Provided material →
^^^^^^^^
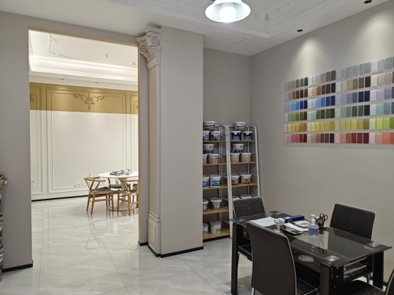 哈尔滨哈西红星店纵深很大,有不同的展示空间,从整齐排列的色卡墙、产品陈列到雕刻着立体图案的装饰线条,每一处都充满独特的美感。
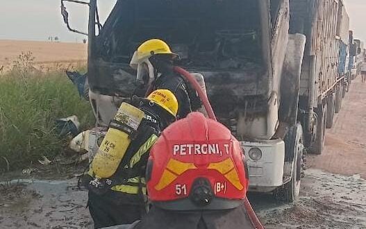 El camión se encontraba estacionado en la zona para realizar tareas de descarga de trigo cuando se originó el fuego. El personal de Bomberos logró sofocar las llamas rápidamente.
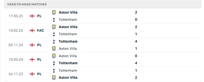 Phong độ gần đây Tottenham vs Aston Villa
^^^^^^^^
Task prompt → A word-for-word copy of the listing is needed. It must not include the pictures.

Response →
 哈尔滨哈西红星店纵深很大,有不同的展示空间,从整齐排列的色卡墙、产品陈列到雕刻着立体图案的装饰线条,每一处都充满独特的美感。
 El camión se encontraba estacionado en la zona para realizar tareas de descarga de trigo cuando se originó el fuego. El personal de Bomberos logró sofocar las llamas rápidamente.
 Phong độ gần đây Tottenham vs Aston Villa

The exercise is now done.